= Beginning of Section =
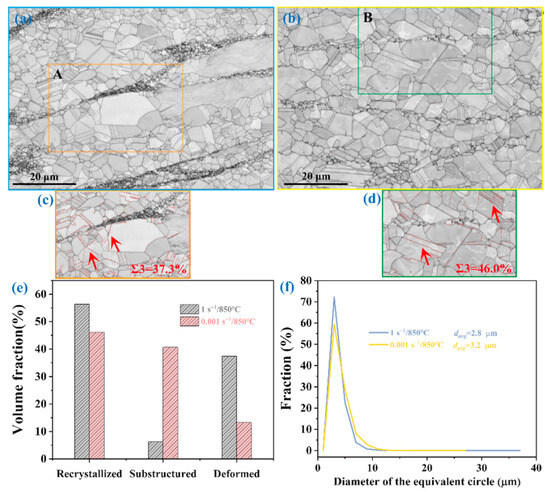 Band contrast image at deformation conditions of (a) 1 s−1/850 °C and (b) 0.001 s−1/850 °C; Band contrast images overlaid with Σ3 grain boundaries corresponding to (c) area A in Figure 7a, and (d) area B in Figure 7b; (e) Contrast between volume fraction of recrystallized, substructured, and deformed grains at deformation conditions of 1 s−1/850 °C, and 0.001 s−1/850 °C; (f) Average grain diameter at deformation conditions of 1 s−1/850 °C, and 0.001 s−1/850 °C.
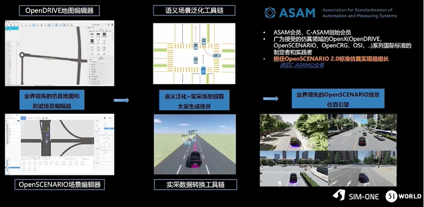 场景编辑这块,SimOne提供了OpenDRIVE地图编辑器以及OpenSCENARIO场景编辑器。场景生成通过语义场景泛化工具链和实采数据转换工具链来生成场景。使用的引擎也是业界领先的OpenSCENARIO场景仿真引擎。
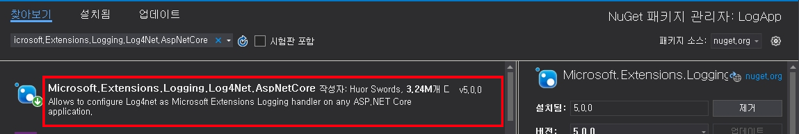 log4net 패키지 모듈 설치 (Microsoft.Extensions.Logging.Log4Net.AspNetCore)
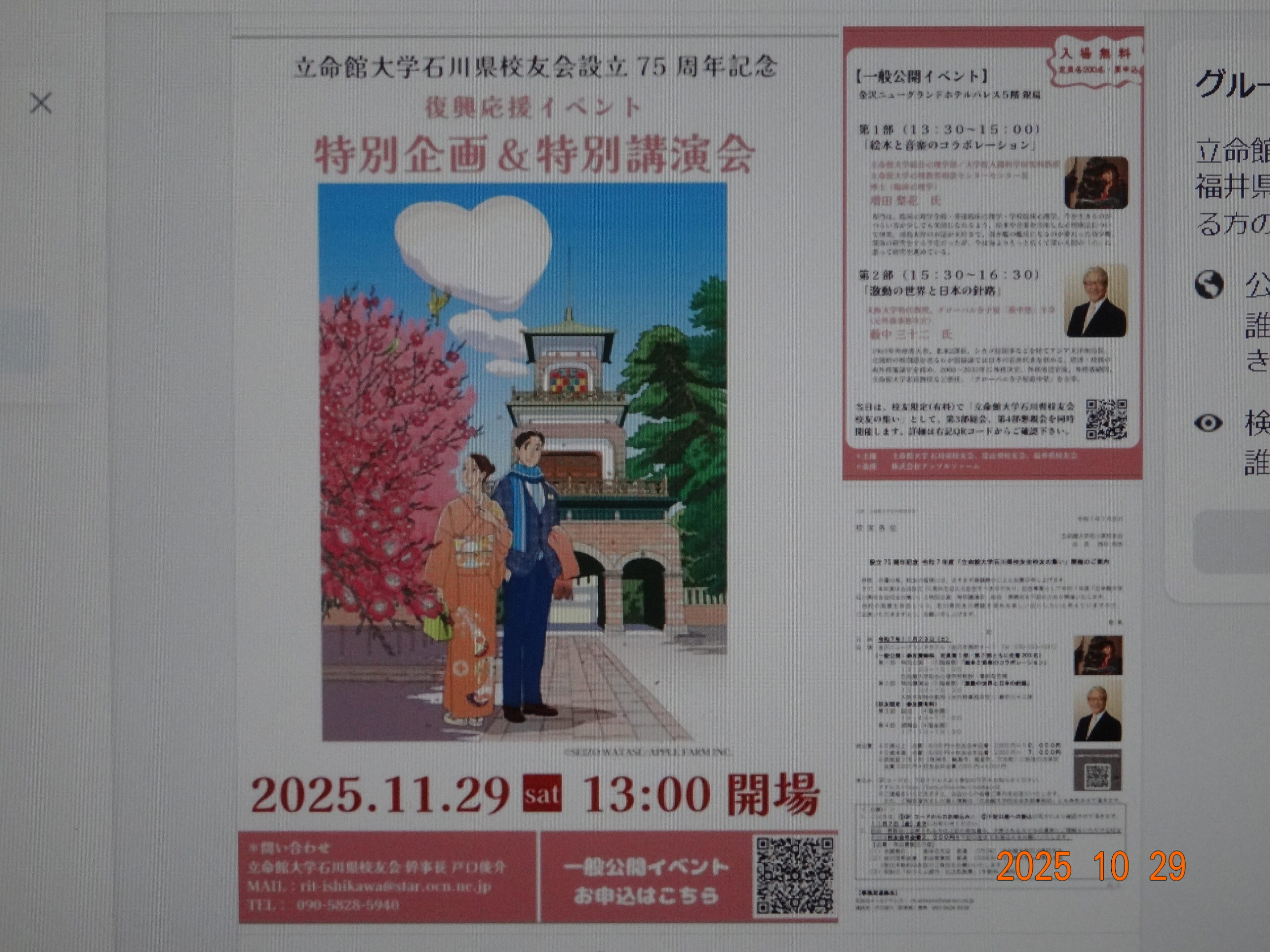 11月29日金沢ニューグランドホテルにて「第3回立命館大学校友会北陸ブロック会」が開催されました。
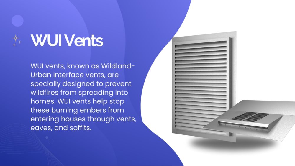 WUI vents are special vents designed to prevent elements of wildfires from spreading into homes. According to wildfire experts at the Insurance Institute for Business & Home Safety (IBHS), windblown embers are a major cause of homes catching fire during wildfires. WUI vents help stop these burning embers from entering houses through vents, eaves, and soffits.
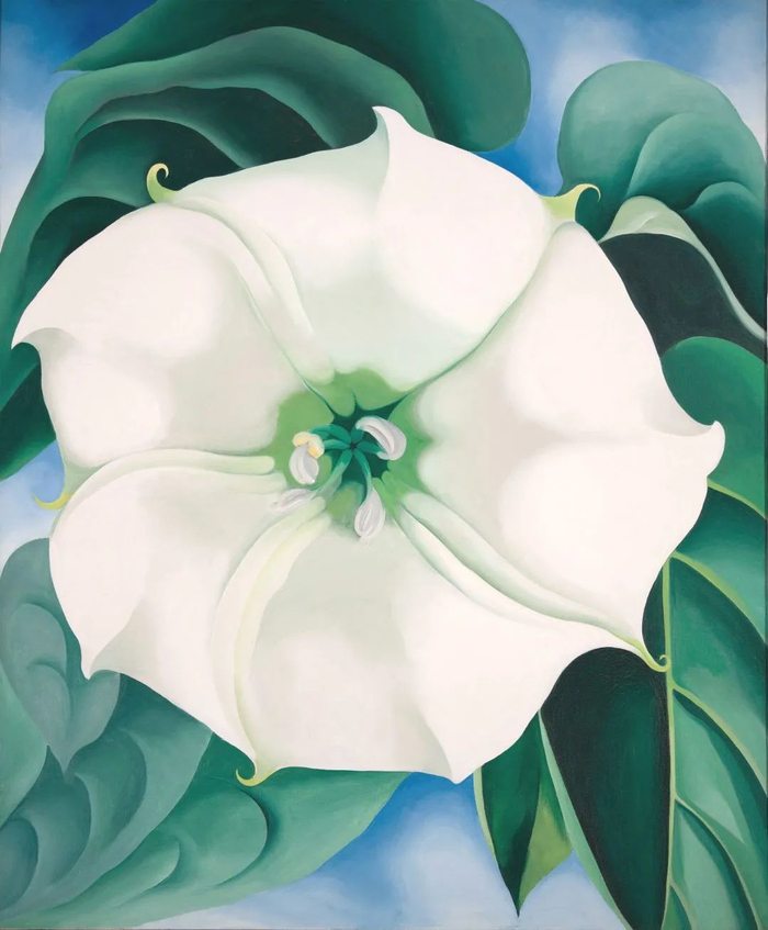 在她的笔下,神秘总是与之相伴,她觉得我们不应该低估“花朵”,也自认为无法和别人一样用同一种方式去描绘它们,“它们在这些人的眼中是如此脆弱、纤细”…… 而欧姬芙尊重花,不但带着细致入微的注意力去观察它们,她说:“我们需要以一个作为居住在摩天大楼里的现代居民来看待它们,我们现在所处的环境,早已不同以往,这些被大厦环绕的花,也有着自己的坚韧,我们要走近去观赏它们……”,在她的眼里,放大的花朵们也是世界中的风景,也正因如此,欧姬芙笔下的花,带着褶皱,如同人的皮肤,像是一座座纪念碑一般,傲然耸立在每一个画框之中。
= End of Section =
What the task asks >> Write every record out again exactly; no pictures belong in the copy.

Problem solution >>
 Band contrast image at deformation conditions of (a) 1 s−1/850 °C and (b) 0.001 s−1/850 °C; Band contrast images overlaid with Σ3 grain boundaries corresponding to (c) area A in Figure 7a, and (d) area B in Figure 7b; (e) Contrast between volume fraction of recrystallized, substructured, and deformed grains at deformation conditions of 1 s−1/850 °C, and 0.001 s−1/850 °C; (f) Average grain diameter at deformation conditions of 1 s−1/850 °C, and 0.001 s−1/850 °C.
 场景编辑这块,SimOne提供了OpenDRIVE地图编辑器以及OpenSCENARIO场景编辑器。场景生成通过语义场景泛化工具链和实采数据转换工具链来生成场景。使用的引擎也是业界领先的OpenSCENARIO场景仿真引擎。
 log4net 패키지 모듈 설치 (Microsoft.Extensions.Logging.Log4Net.AspNetCore)
 11月29日金沢ニューグランドホテルにて「第3回立命館大学校友会北陸ブロック会」が開催されました。
 WUI vents are special vents designed to prevent elements of wildfires from spreading into homes. According to wildfire experts at the Insurance Institute for Business & Home Safety (IBHS), windblown embers are a major cause of homes catching fire during wildfires. WUI vents help stop these burning embers from entering houses through vents, eaves, and soffits.
 在她的笔下,神秘总是与之相伴,她觉得我们不应该低估“花朵”,也自认为无法和别人一样用同一种方式去描绘它们,“它们在这些人的眼中是如此脆弱、纤细”…… 而欧姬芙尊重花,不但带着细致入微的注意力去观察它们,她说:“我们需要以一个作为居住在摩天大楼里的现代居民来看待它们,我们现在所处的环境,早已不同以往,这些被大厦环绕的花,也有着自己的坚韧,我们要走近去观赏它们……”,在她的眼里,放大的花朵们也是世界中的风景,也正因如此,欧姬芙笔下的花,带着褶皱,如同人的皮肤,像是一座座纪念碑一般,傲然耸立在每一个画框之中。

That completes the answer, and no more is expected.